Sone H, Okuda Y, Bannai C, Suzuki S, Yamaoka T, Asakura Y, Kawakami Y, Odawara M, Matsushima T, Kawai K
Department of Endocrinology and Metabolism, University of Tsukuba.
Intern Med. 1994 Dec;33(12):773-8. doi: 10.2169/internalmedicine.33.773.

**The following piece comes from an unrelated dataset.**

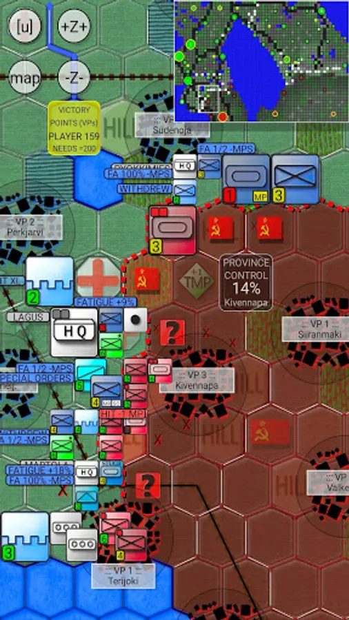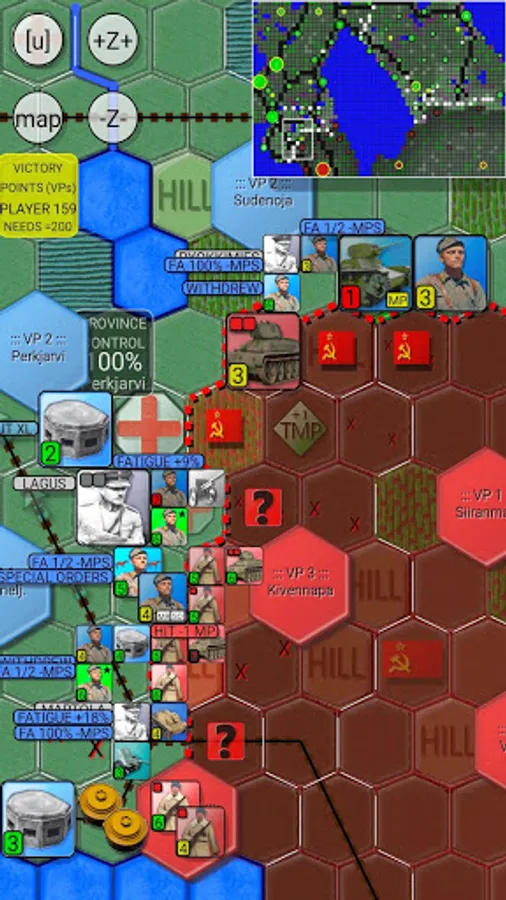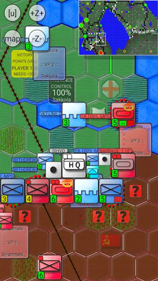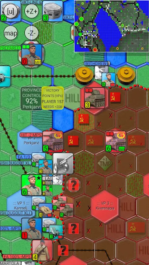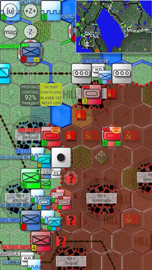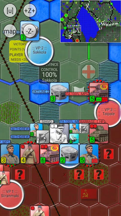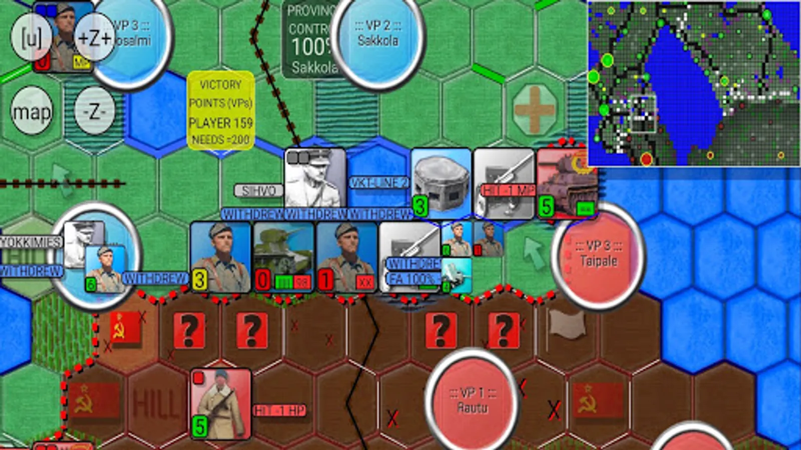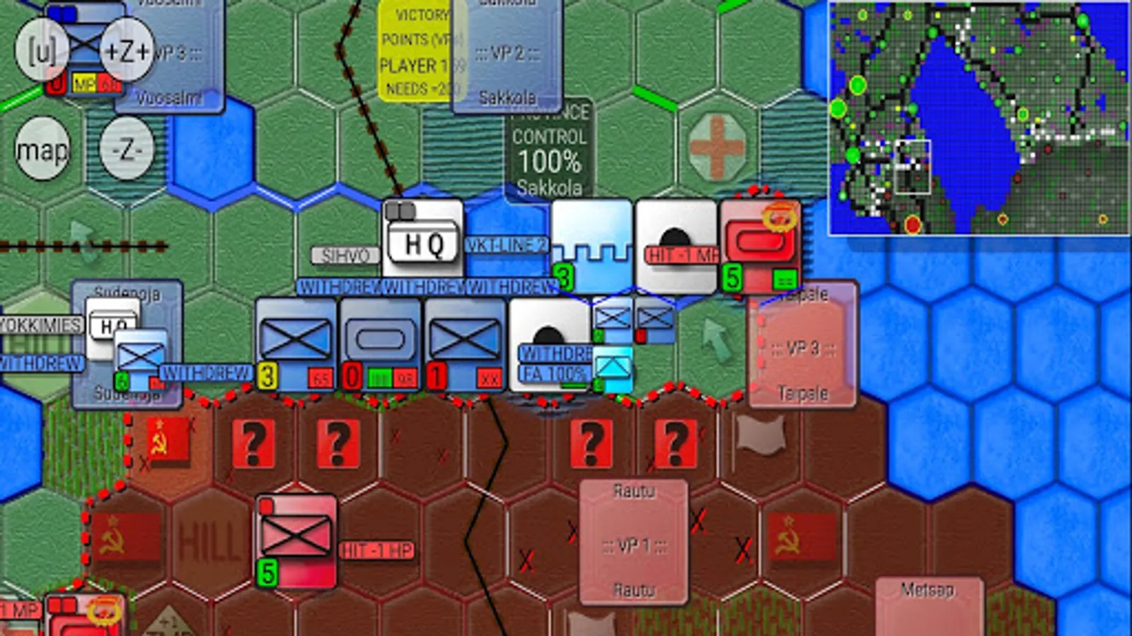 Can you lead the Finnish forces brilliantly enough to stop the massive Red Army offensive that aimed to knock Finland out of the Second World War? The years 1942–1944 were quiet on the Finnish part of the Eastern Front: soldiers did wood whittling, few saw combat, and the wrong places of the front line were fortified, all this while the Red Army was taking lessons in modern warfare from the Wehrmacht. When the Soviet strike finally fell in the summer of 1944, it was a huge, well-practiced attack by a thoroughly trained army with unprecedented artillery barrages against Finns who had just extended their summer holiday leaves. The game ends when you either control all the victory points or have lost control of all the VPs (you held on as long as possible).

This is the first report on a case of syndrome of inappropriate secretion of antidiuretic hormone (SIADH) associated with Gerhardt syndrome (paralysis of bilateral vocal cords). A 67-year-old Japanese man suffering from progressive autonomic failure was diagnosed as having Shy-Drager syndrome (SDS) with hyponatremia due to SIADH and severe sleep apnea caused by a bilateral recurrent nerve palsy. Water load test showed alteration in diuresis which was corrected by phenytoin. Arginine vasopressin secretion was not suppressed by plasma osmolality below 280 mOsm/kgH2O. Impairment of the afferent pathways of baroreceptors, or impairment of the osmoreceptors could be speculated as the etiological factor of the SIADH observed in this case.
这是首例关于抗利尿激素分泌不当综合征(SIADH)合并格哈特综合征(双侧声带麻痹)的病例报告。一名67岁患有进行性自主神经功能衰竭的日本男性被诊断为夏伊-德雷格综合征(SDS),因SIADH导致低钠血症,且因双侧喉返神经麻痹引起严重睡眠呼吸暂停。水负荷试验显示利尿改变,苯妥英可纠正该改变。血浆渗透压低于280 mOsm/kgH2O时,精氨酸血管加压素分泌未被抑制。可推测压力感受器传入通路受损或渗透压感受器受损是该病例中观察到的SIADH的病因。